Goodbye, money! Nice knowing you

Radical transformation in governance can only begin when we are pushed to the wall


R Swaminathan | September 29, 2011

Vivek Shukla with villagers after a failed attempt to make the tanning unit follow rules
Vivek Shukla with villagers after a failed attempt to make the tanning unit follow rules

Genuinely transformative ideas always have a strong rustic whiff of the earth. Once Tamil Nadu chief minister and Congress stalwart Kumaraswami Kamaraj was stuck at an intersection near the town of Cheranmahadevi in Tirunelveli district waiting for a train to pass. Gazing out of his car window he saw a young boy grazing goats and cows. He quickly got out of the car, went up to the boy and asked him, “Why didn’t you go to school?” The cocky boy countered. “Will you give me food if I go to school? I can learn only if I eat.” That was in 1955. One year later the innocent question had metamorphosed itself into the country’s first mid-day meal programme. That transformative idea from a humble cowherd is the single reason why India’s literacy levels are steadily rising.

Such moments of epiphany come rarely and from the most unexpected of people caught in the direst of situations. Wading deep into the bowels of Uttar Pradesh and unearthing the ingenious ways in which well-intentioned government schemes with its elaborate system of checks and balances can be subverted by panchayat officials, powerful individuals and sub-contractors fill one with a curious feeling of helpless awe and shock. It’s curious because you want to applaud the sheer ingenuity of the subversion, but are too shocked by the sheer audacity of it all.
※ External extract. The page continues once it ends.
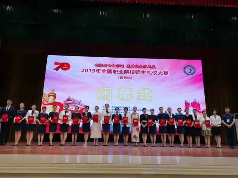 公司派出2名教师参赛,面对来自全国各个高校强大的对手,公司教师沉着稳定,表现出高昂的斗志。在指导教师邢平悉心指导下,教师认真备赛,在很短的时间内克服种种困难。公司教师在本次大赛中共获两个三等奖。总评严立琼老师获三等奖,礼仪教师武小元老师获二等奖,单项奖职业风采展示中武小元老师获三等奖。

Thirty-year-old Vivek Shukla of Unnao has a postgraduate degree in business administration and was widely expected to grab a cushy corporate job in the sister cities of Lucknow or Kanpur. But like all mavericks, he decided not to take the path well travelled and stayed put. Much to the initial dismay of his parents, he told them that he wanted to go into the villages of Unnao and help out the small and marginal farmers. The youngster joined a local non-governmental organisation called Hriday Narain Dhawan Charitable Trust (HNDCT) and started venturing deeper and deeper into the villages. He was 23 years old then. Today, at 30, his wisdom is that of a wizened old man.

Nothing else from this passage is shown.